Transcriptome sequencing and de novo assembly
RNA sequencing (RNA-seq) experiment was performed on 6 samples: a triplicate derived from the microalga C. closterium cultured in complete medium and considered as control condition (CTRL), and a triplicate of C. closterium cultured in Si-starvation conditions (Si-starved). Since the genome of C. closterium is not available, RNA-seq reads have been assembled with de novo approach producing 44718 putative transcripts grouped into 33433 genes. The mean GC content was 46.16%. The average and the median contig length were 1064 bp and 781 bp, respectively. The N50 was 1554 bp.

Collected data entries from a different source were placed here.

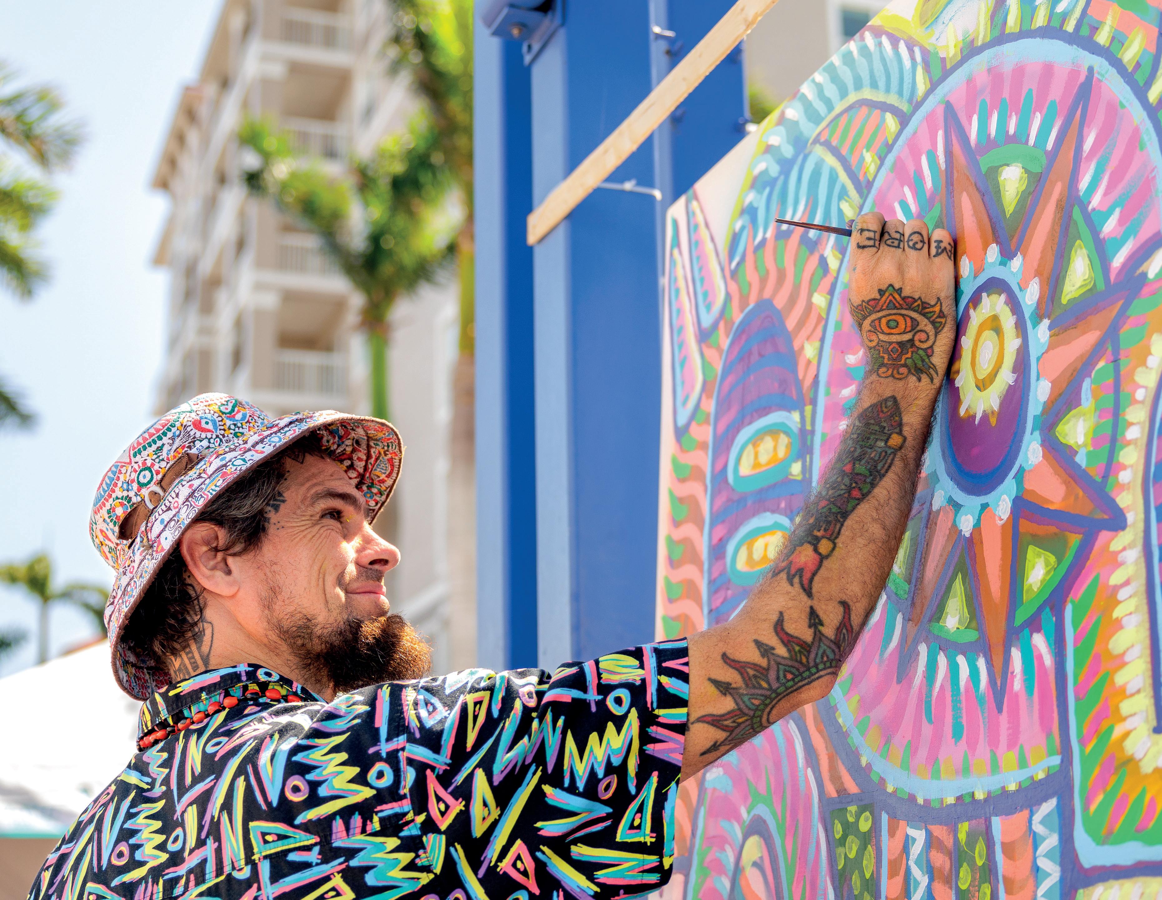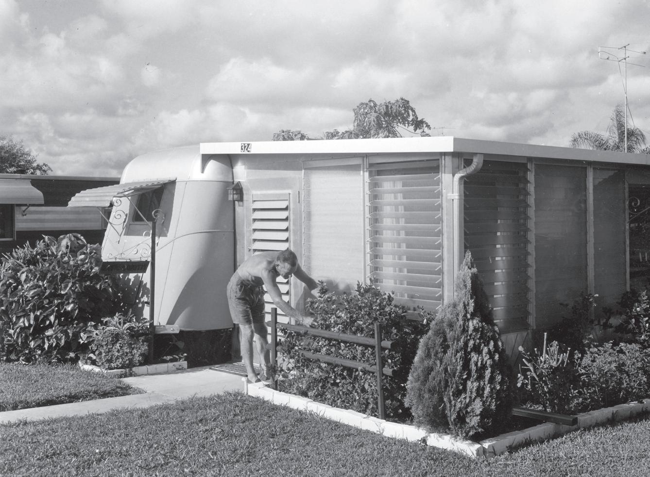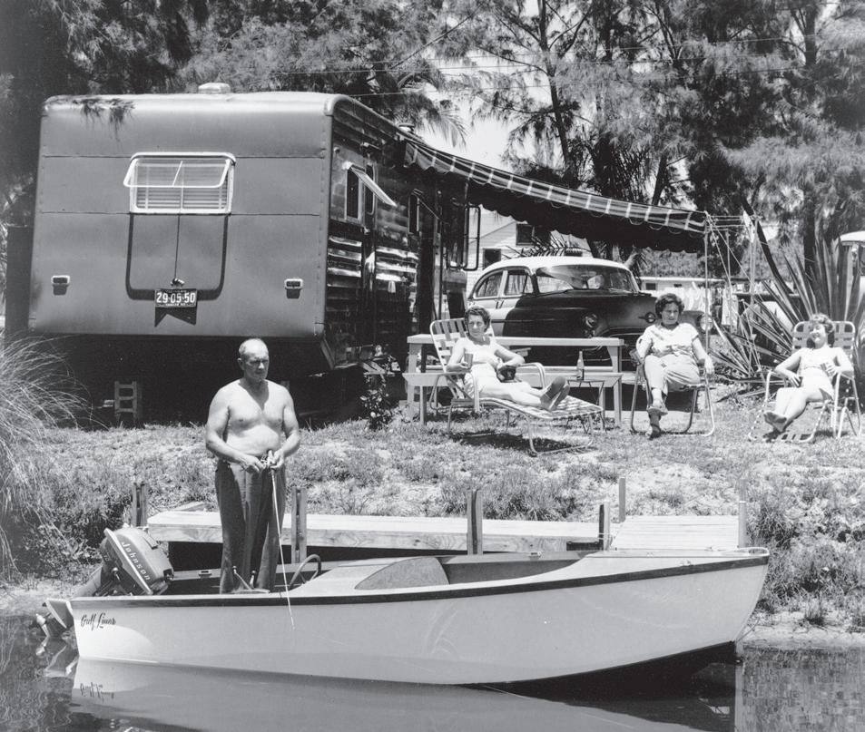This page, clockwise: Artist Keenan Perren, Mariscos Azteca, photography by Wes Roberts. Steinmetz, Joseph Janney, Man fishing from boat at a Venice trailer park. 1953. State Archives of Florida, coutesy of Architecture Sarasota.
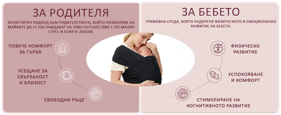 Άνετο και φιλικό προς το δέρμα υλικό: Κατασκευασμένο από 95% πολυεστέρα και 5% ελαστάνη, το sling είναι απαλό, αναπνεύσιμο και απαλό με το δέρμα του μωρού. Εφαρμόζει άνετα στο σώμα, επιτρέποντας στο παιδί να νιώσει την εγγύτητα και τη ζεστασιά της μαμάς ή του μπαμπά - σαν να είναι σε αγκαλιά. Αυτό δημιουργεί ένα αίσθημα ασφάλειας και βοηθά στην οικοδόμηση ενός ισχυρού δεσμού μεταξύ γονέα και παιδιού.
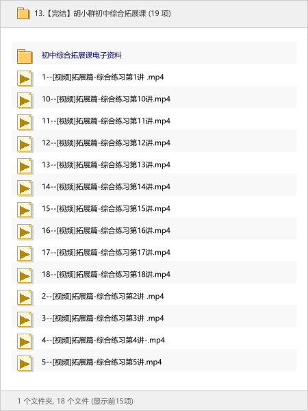 这套课程包含完整的电子资料和18讲高清视频,专门针对初中知识的综合拔高与思维拓展。
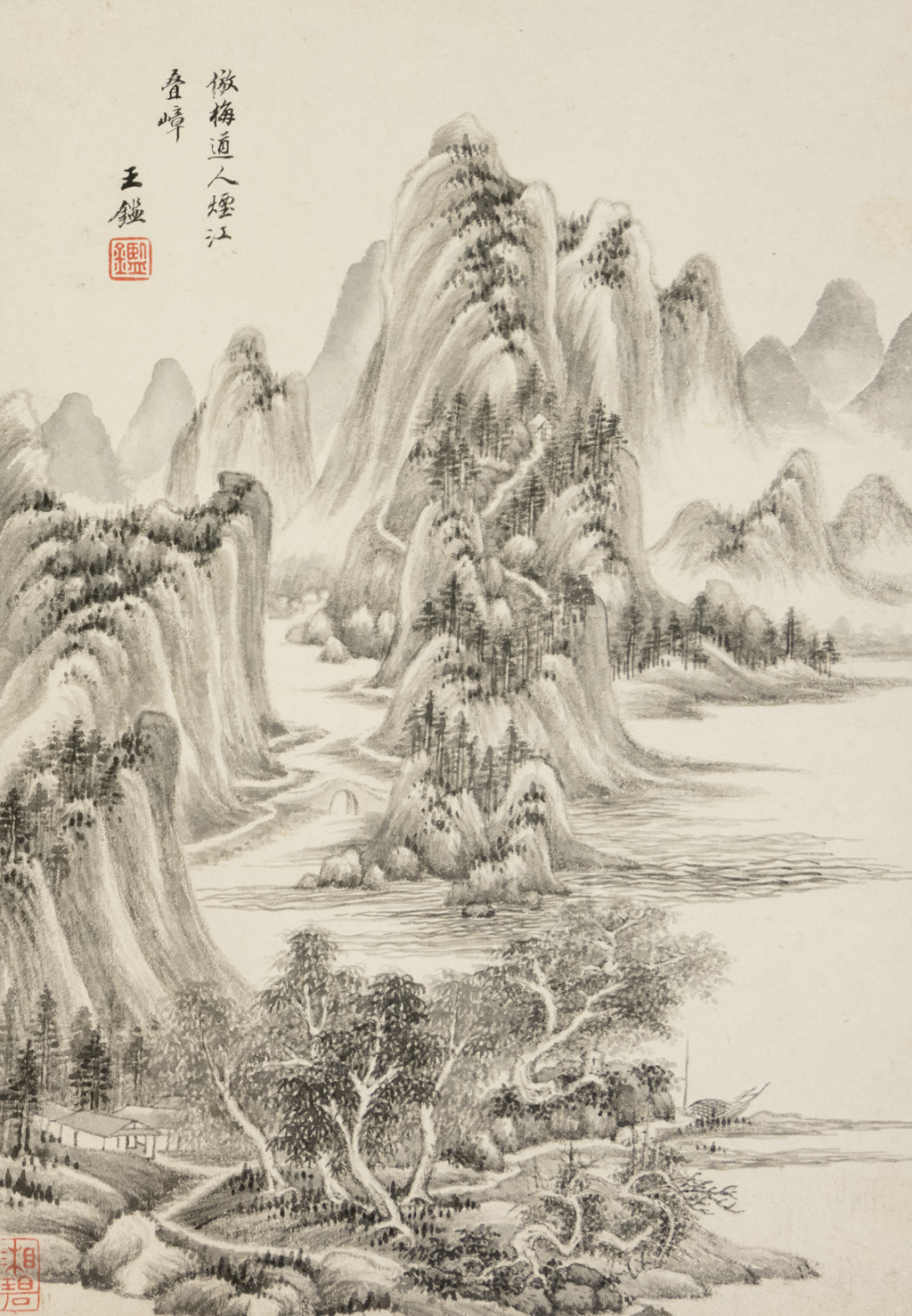王鉴是明代文人王士贞的曾孙,其祖父王士骐为文坛盟主。王士贞十分赏识董其昌,王士骐也与董其昌为同榜进士,王鉴在画艺上曾得董其昌亲授。王鉴与王时敏同为江苏太仓人,因此,两人不仅是同族、同乡,还算得上师出同门。
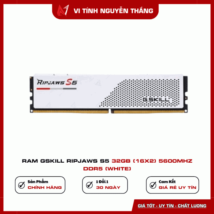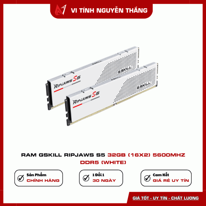 RAM G.Skill Ripjaws S5 32GB 5600MHz DDR5 White mang đến sự cân bằng hoàn hảo giữa hiệu năng, thiết kế và độ bền – lựa chọn tối ưu cho các bộ PC thế hệ mới.
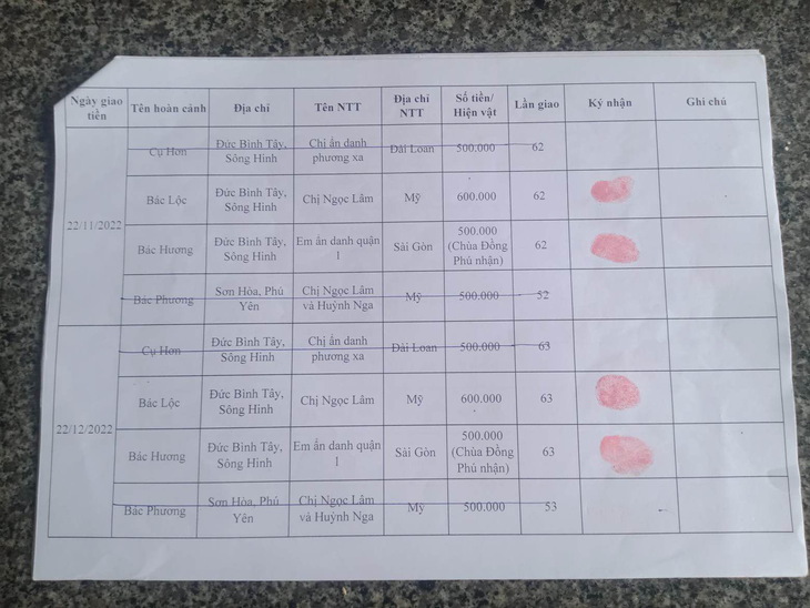 - Anonymous sister from Sai Gon: VND 500,000 for Mrs. Huong.

Several controls were performed on the raw transcriptome assembly to check for its quality. Transcripts were translated into proteins obtaining a total of 32586 protein sequences (minimum length 50aa). Among those, 14307 (43.90%) were complete (with a methionine and a stop codon), 2855 (8.76%) started with a methionine but lacked a stop codon, 8194 (25.14%) only had a stop codon, 7230 (22.18%) did not start with a methionine and did not have a stop codon.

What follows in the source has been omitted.